The team from Manitoba reported being so impressed with the eagerness to learn and the enthusiasm and inquisitiveness of the delegates that they wished to come back in 18 months’ time to see the progress that had been made.
Event for caregivers
Alongside the training for professionals, the Scottish Government wanted to be able to apply some of the knowledge developed by the Manitoba FASD Centre in supporting families and caregivers of children and young people with FASD. For too long, the needs of caregivers have been overlooked and their views been left unheard. The day in Dunblane allowed birth, foster and adoptive carers of children with FASD to come together, share their experiences and learn some strategies from the FASD Centre team, including the educationalist, about helping their children to maximise their strengths and overcome their challenges. The dedication of these caregivers and their willingness to enhance the care they provide was overwhelming.

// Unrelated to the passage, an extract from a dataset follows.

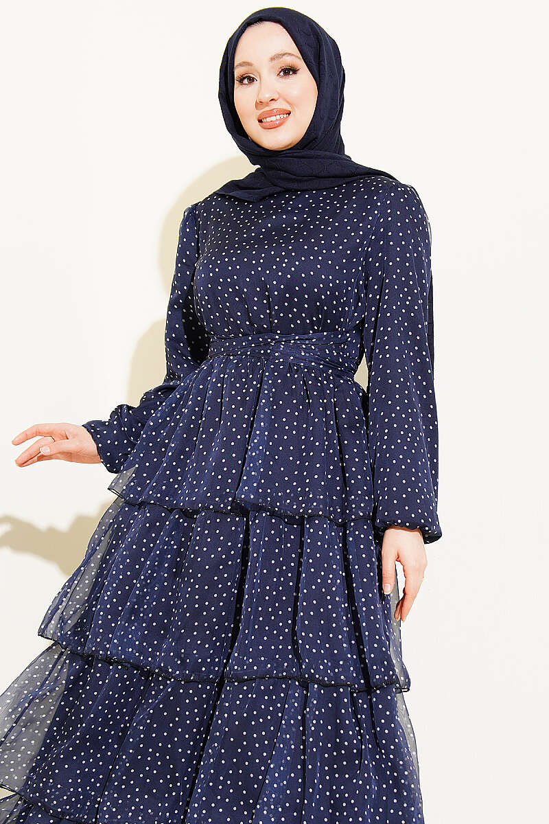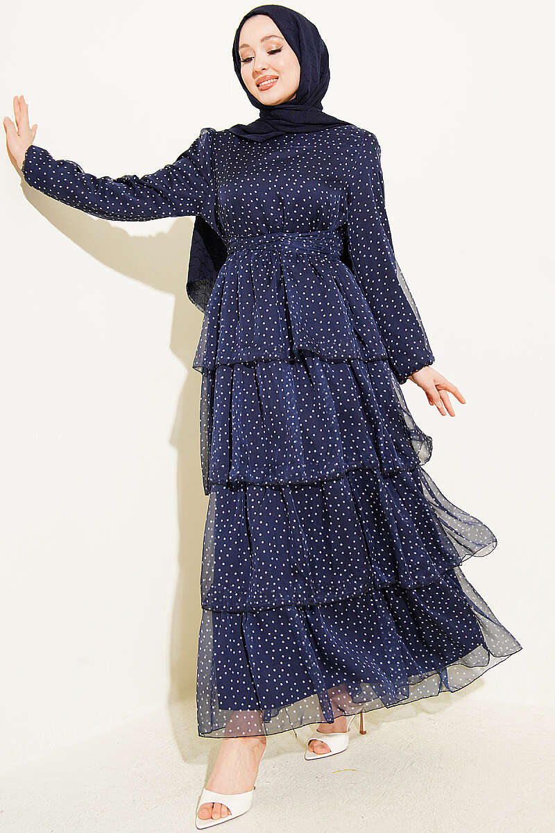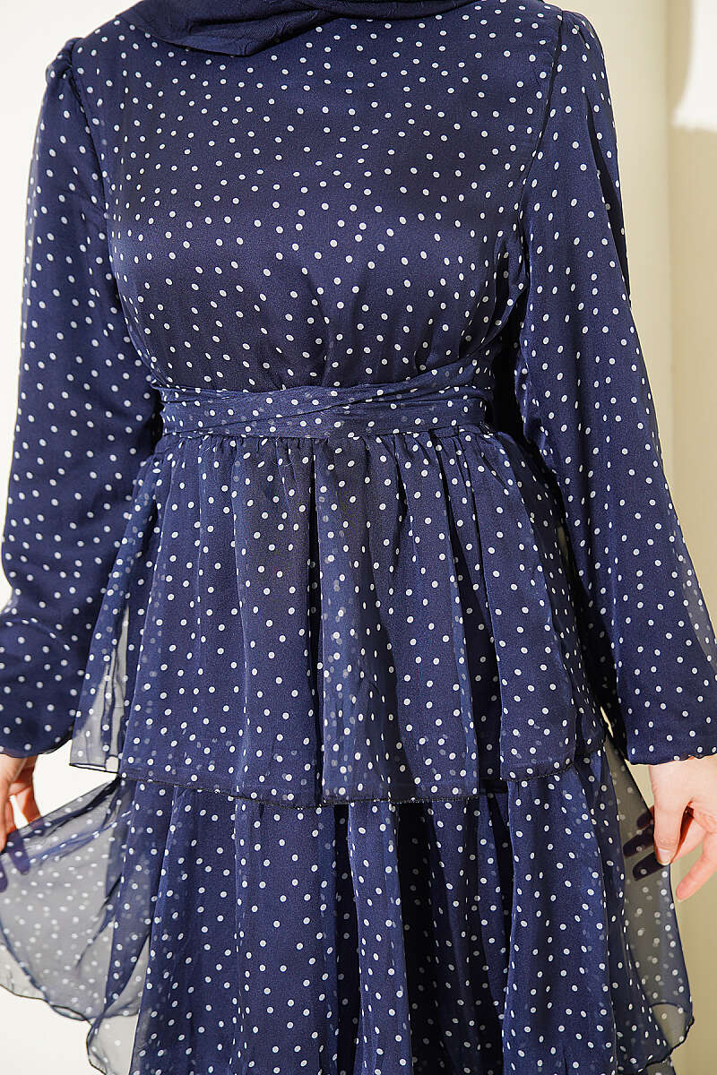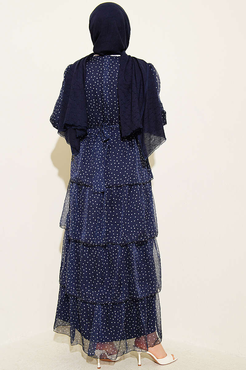 Puantiyeli Kat Kat Şifon Elbise Lacivert

Additional actions at local level
Some health board areas are taking further steps to address FASD through enhancing the contraception services for women of reproductive age. There is good evidence that effective contraception (including long-acting reversible methods such as hormonal implants or intrauterine contraceptive devices) can be of considerable value in reducing alcohol-exposed pregnancies (Floyd, et al., 2007; Peipert, et al., 2012). It is possible to provide training for addiction service nurses so that they can offer hormone implants as part of the holistic care of the woman with substance use problems, helping to increase her control over her life and moving her forwards on her recovery journey. Similarly, women attending sexual health and family planning services in some areas are beginning to be advised that when they wish to become pregnant they should cease their use of alcohol for the duration of the pregnancy.
Next steps
There is increasing evidence at health board level of a change in awareness around foetal alcohol harm and of more joined-up working and information exchange. To support this, a FASD Care Pathway is being developed which will cover babies and children up to secondary school age. The multi-agency multi-disciplinary group that is developing the care pathway is applying GIRFEC 3 principles to the work and engaging with health, education and social care professionals as well as the voluntary sector. The final product is intended to act as a decision support tool in determining appropriate courses of action to enhance the potential of the child, regardless of domestic circumstances.

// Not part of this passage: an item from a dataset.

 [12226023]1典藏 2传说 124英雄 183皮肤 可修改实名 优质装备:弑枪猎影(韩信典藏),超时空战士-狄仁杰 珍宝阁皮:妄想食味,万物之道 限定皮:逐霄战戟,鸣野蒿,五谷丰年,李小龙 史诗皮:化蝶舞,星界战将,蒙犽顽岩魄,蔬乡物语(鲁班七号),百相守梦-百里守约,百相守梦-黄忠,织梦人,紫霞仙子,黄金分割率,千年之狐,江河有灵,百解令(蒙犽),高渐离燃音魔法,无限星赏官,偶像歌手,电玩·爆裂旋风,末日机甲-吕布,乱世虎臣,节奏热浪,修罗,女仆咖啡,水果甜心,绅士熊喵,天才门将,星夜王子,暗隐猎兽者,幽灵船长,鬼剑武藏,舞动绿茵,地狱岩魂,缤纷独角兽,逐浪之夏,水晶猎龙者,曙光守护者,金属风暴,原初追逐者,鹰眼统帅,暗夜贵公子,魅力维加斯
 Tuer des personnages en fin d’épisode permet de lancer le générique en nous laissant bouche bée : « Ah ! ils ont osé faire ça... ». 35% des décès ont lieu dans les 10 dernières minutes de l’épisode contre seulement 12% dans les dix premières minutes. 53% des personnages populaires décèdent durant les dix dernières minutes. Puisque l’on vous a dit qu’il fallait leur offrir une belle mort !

Resourcing FASD work has been and remains a big issue. In the absence of a dedicated funding stream, making progress is a slow and rocky path and FASD remains the poor relation of similar sized neuro-behavioural congenital problems such as autistic spectrum disorder. I am hopeful that the work begun by Scottish Government will now be adopted by the health boards and local authorities who can work collaboratively to make a difference to the lives of the children and young people living daily with foetal alcohol harm.